* CSI300 +0.8 pct; SSEC +1.0 pct; HSI +1.8 pct
* Stock likely stable in short term due to yuan calmness-analyst
* Energy shares surge on oil price recovery
SHANGHAI, Jan 25 (Reuters) - China and Hong Kong stocks rose on Monday morning, led by energy shares, as investors drew optimism from a rally in oil prices and rebounds in global equities.
China’s blue-chip CSI300 index rose 0.8 percent, to 3,139.61 points by the lunch break, while the Shanghai Composite Index gained 1.0 percent, to 2,946.58 points.
Hong Kong’s Hang Seng index added 1.8 percent, to 19,430.02 points, while the Hong Kong China Enterprises Index gained 1.3 percent, to 8,212.89.
Investor sentiment has improved after Beijing’s interventions to stabilise China’s yuan currency on both the onshore and offshore markets, while Hong Kong authorities expressed their confidence in the value of the Hong Kong dollar - recently the target of speculative short sellers.

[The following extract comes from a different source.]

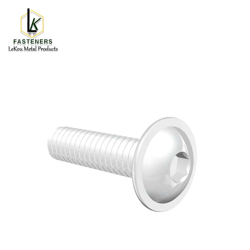 Шруба з шасціграннай плоскай круглай галоўкай (Huasi) з паверхняй фланца на галоўцы для павышэння эфектыўнасці супраць расхіствання. Фланец распаўсюджвае ціск, памяншаючы пашкоджанні тонкіх і мяккіх матэрыялаў. Кнопкавая галоўка выглядае падобна на панарамную галоўку, але яна ніжэйшая і больш кампактная, займаючы менш месца. Маючы шэсць кропак кантакту, шасцігранны прывад вытрымлівае большы крутоўны момант, чым шчылінны і крыжовы, каб надзейна захапіць ваш драйвер, У той жа час шасцігранная адтуліна таксама павялічвае крутоўны момант падчас руху. Даўжыня шрубы вымяраецца знізу фланца.
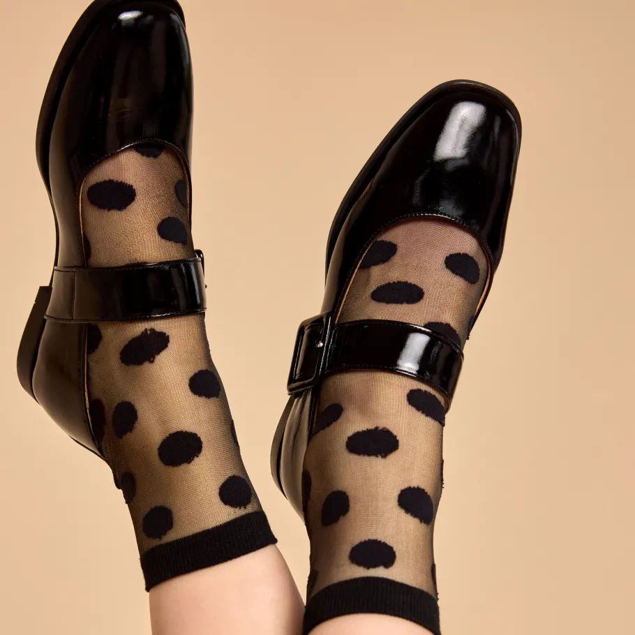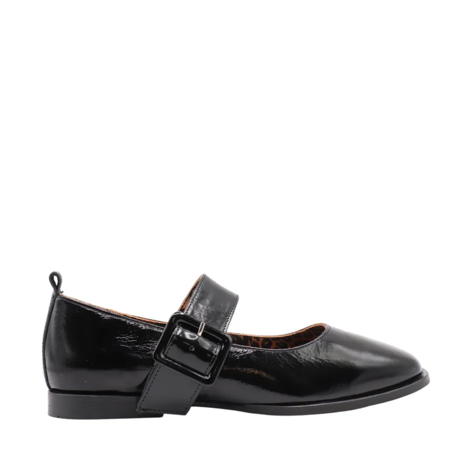 Jade ballerinas by Apropo revisit a classic with a modern twist. Crafted in patent leather, they feature a crossover strap adorned with a wide buckle that adds character and elegance. Their animal print inner lining is surprisingly original and offers stylish comfort for everyday wear.

“RMB (yuan) stability is now of paramount importance. As the RMB (yuan) exchange rates calm after recent interventions, stocks are likely to stabilise, and can even stage a technical reprieve in the near term,” wrote Hao Hong, managing director of research at BOCOM International.
“Recovering oil prices from the epic snow storm will also help.”
However, he warned: “The bearish trend is yet to end, fundamentals can deteriorate further.”
Banking was the only sector in the mainland that ended the morning lower, while all main indexes rose in Hong Kong.
Energy shares led the gains in both markets, with the sector up 2.6 percent in China and 4 percent in Hong Kong .
Goodbaby International Holdings Ltd, a manufacturer of baby strollers and listed in Hong Kong jumped 8.6 percent after it forecast a 240 percent surge in 2015 net profit on higher sales and improved margins.
But Chinese property developer Future Land Development Holdings Ltd plunged 6 percent in Hong Kong after the company said its chairman Wang Zhenhua was being investigated probed by Chinese authorities on personal matters.